Corollary 5.4 (Exact n = 4). For n = 4, the DP performs C(5,3) = 10 split evaluations. The walkthrough in junior.md shows 1 + 1 + 1 (length 2) + 2 + 2 (length 3) + 3 (length 4) = 10, matching exactly. This exact count is a useful unit-test assertion: instrument a counter and check it equals (n+1)n(n-1)/6.

Implication for asymptotics. Since C(n+1, 3) = (n+1)n(n-1)/6 = Θ(n³) and each split is O(1), the leading constant of the DP is 1/6 per split evaluation — small enough that the cubic DP is fast in practice up to n in the hundreds, even in interpreted languages. The exact-count formula also lets you predict runtime precisely: doubling n multiplies the work by ≈ 8, a clean cubic scaling that benchmarks should reproduce (a deviation signals a bug or a cache effect, not the algorithm).

Proposition 5.6 (Space lower bound for the standard DP). Any algorithm that fills the full dp table and reconstructs an optimal parenthesization by the split-table method uses Ω(n²) space, because the split table has Θ(n²) independently-determined entries (different dimension arrays force different split tables, so the information content is Θ(n²)). To break the Θ(n²) space barrier one must either recompute splits on demand (trading time, Section 6.6 of senior.md) or use an entirely different algorithm such as Hu-Shing (which is O(n) space). The Θ(n²) figure is thus intrinsic to the tabulation method, not to the problem — paralleling the Θ(n³)-vs-O(n log n) time story.

Remark 5.7 (Anti-diagonal parallelism). Within one chain length L, all dp[i][i+L-1] entries are mutually independent (each reads only strictly shorter intervals, already finalized). They form an anti-diagonal of the table that can be computed fully in parallel. Across lengths there is a strict dependency, so the parallel depth is Θ(n) (one synchronization per length) with Θ(n²) total work per length-step — a classic example of a DP with limited but real parallelism, exploited on GPUs for very long chains.

Remark 5.5 (Memoized recursion does the same work).
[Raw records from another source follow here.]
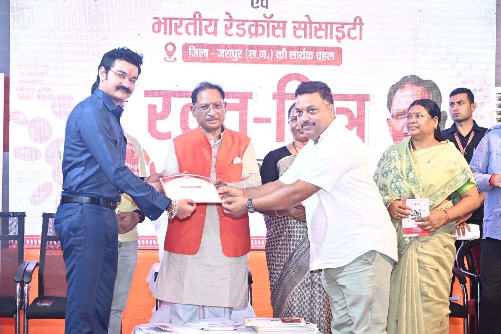 इस अवसर पर मुख्यमंत्री विष्णु देव साय ने कैम्प कार्यालय बगिया में आयोजित कार्यक्रम में भारतीय रेडक्रॉस सोसायटी जशपुर के आजीवन सदस्यों को प्रमाण पत्र वितरित किए और “रक्त-मित्र” पुस्तिका का विमोचन किया। इस दौरान उन्होंने नीरज शर्मा, अजय कुमार कुशवाहा और शिव नारायण सोनी को प्रमाण पत्र प्रदान कर उनके योगदान की सराहना की।
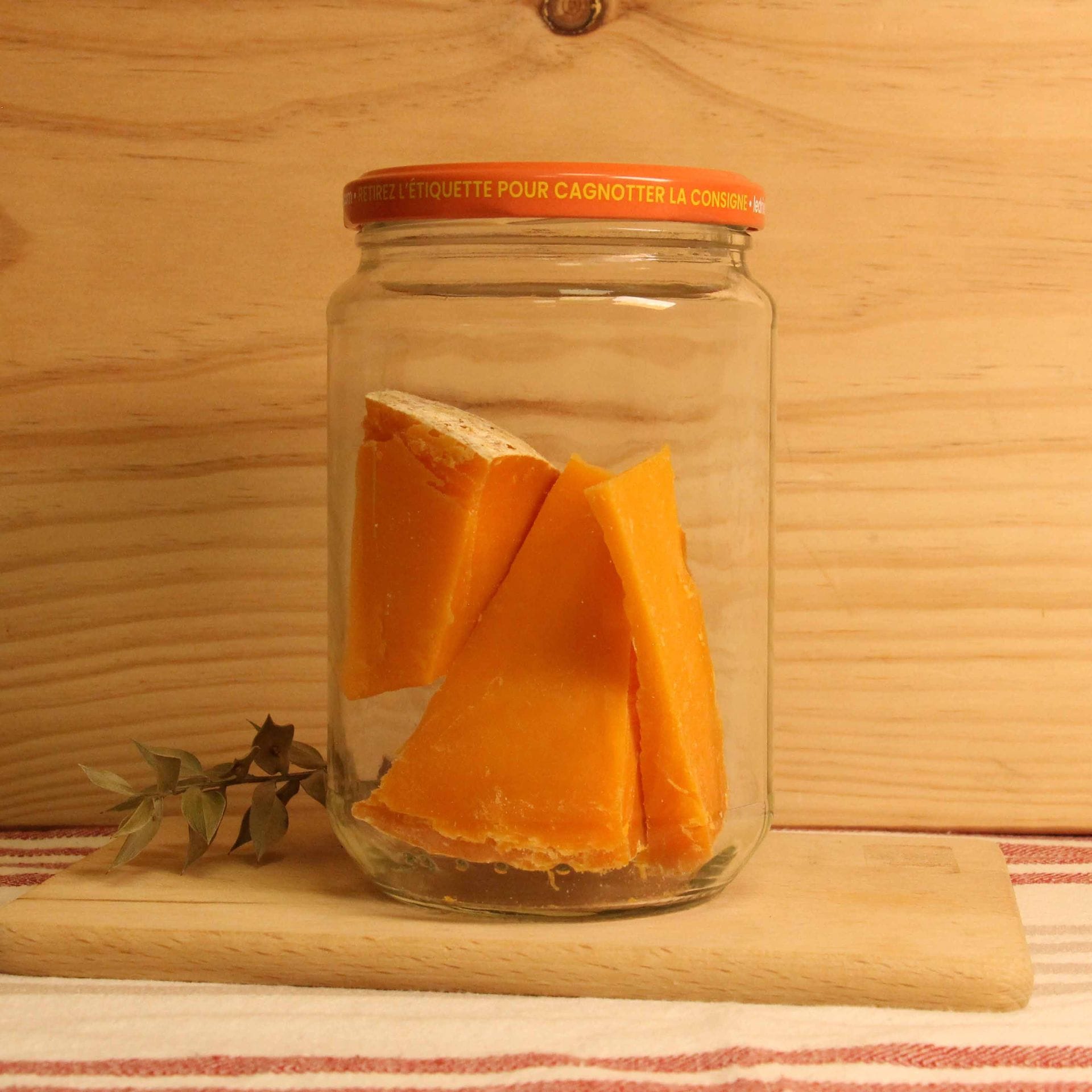 Lait (origine : France) de vache pasteurisé, Sel, Ferments Lactiques, Présure, colorant : Norbixine de Rocou
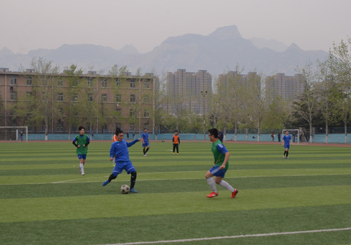 4月6日,五系足球联赛之机电系对战文法系足球赛在西校区体育场展开。系团总支书记谢清勇到赛场进行指导。
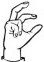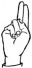 На ћирилици написано ДАМЈАН КАЗИМИРОВИЋ састоји се из 17 слова [?]. Исписано ћириличном једноручном азбуком за глувонеме:
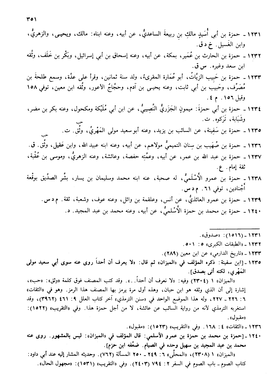 1233- حمزة بن حبيب الزيات أبو عمارة المقرئ ولد سنة ثمانين وقرأ على عدة وسمع طلحة بن مصرف وحبيب بن أبي ثابت وعنه يحيى بن آدم وحجاج الاعور وثقه بن معين توفي 158 وقيل 156 م 4
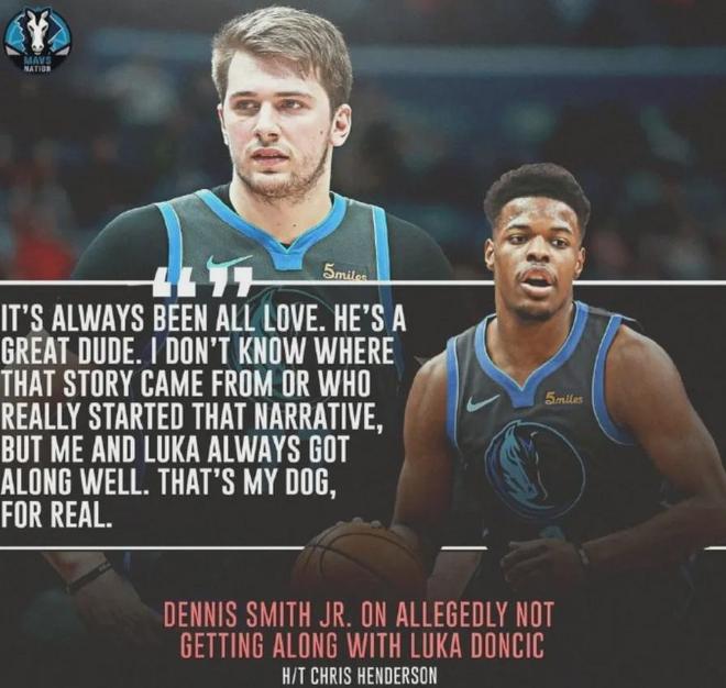 史密斯曾在2019年這么談起東契奇:“我們之間一直充滿著愛,人們試圖創(chuàng)造出這種畫面(兩人關(guān)系緊張)。他是一個非常棒的家伙,我不知道這個故事從何而來,也不知道是誰編造了這個故事。但我和東契奇一直相處地很棒,他是我的兄弟?!?/p>
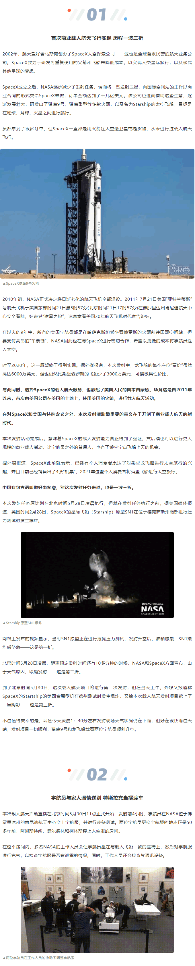 對(duì)全人類(lèi)來(lái)說(shuō),這是D一次由民營(yíng)航天公司將宇航員送上太空的項(xiàng)目,證明了載人航天——這項(xiàng)此前只有力量才能實(shí)現(xiàn)的工作,也可以被民營(yíng)企業(yè)實(shí)現(xiàn),并進(jìn)行商業(yè)化運(yùn)作,未來(lái)私人太空旅行將成為可能。
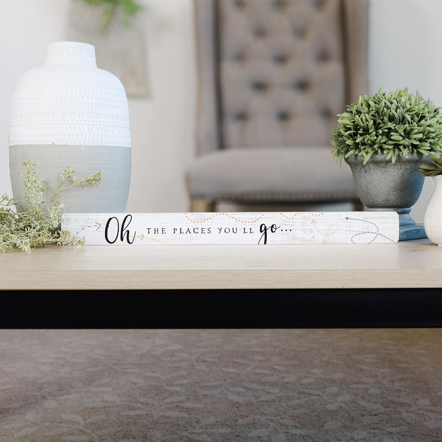- Wooden sign reads "Oh the places you'll go..."
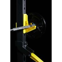 - Страховочный упор имеет размеры 760х95х320 мм. Рама страховочного упора изготовлена из стального листового металла толщиной 8 и 5 мм и стальной профильной трубы 80х80х3 мм. Ось рамы страховочного упора изготовлена из стального круга диаметром 25 мм. Конструкция рамы упора обеспечивает надежную, быструю фиксацию упора на стойке, а винтовой фиксатор позволяет плотно прижать упор к стойке. Наличие на упоре накладки из монолитного поликарбоната оберегает гриф от повреждений. Все листовые детали и детали из трубы изготовлены на высокоточном лазерном оборудовании.
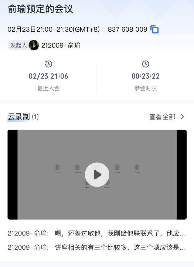 2023年2月23日,奈飞 研究生会于线上召开了春季学期第一次部门负责人及以上会议,会议主题为“春季学期工作安排”,由主席团成员俞瑜主持、秘书部负责人贾梁负责记录,应到7人、实到7人。

Top-down memoization with a (i, j) cache solves each of the Θ(n²) distinct subproblems exactly once, and the first (uncached) evaluation of [i, j] performs its j - i split trials. Summing over all subproblems gives the same C(n+1, 3) split evaluations as the bottom-up version. The two approaches differ only in traversal order of the dependency DAG, not in total work — a concrete instance of the general fact that tabulation and memoization are computationally equivalent up to constant factors and stack overhead.

6. Counting Parenthesizations: The Catalan Numbers¶

Theorem 6.1. The number P(n) of distinct full parenthesizations of a chain of n matrices is the (n-1)-th Catalan number:

P(n) = C_{n-1} = (1/n) · C(2n-2, n-1) = (2n-2)! / ( (n-1)! · n! ).

Proof. P(1) = 1 (a single matrix). For n ≥ 2, condition on the root split k ∈ [1, n-1]: the left has k matrices and the right has n - k, independently parenthesized, giving the recurrence

P(n) = Σ_{k=1}^{n-1} P(k) · P(n-k),     P(1) = 1.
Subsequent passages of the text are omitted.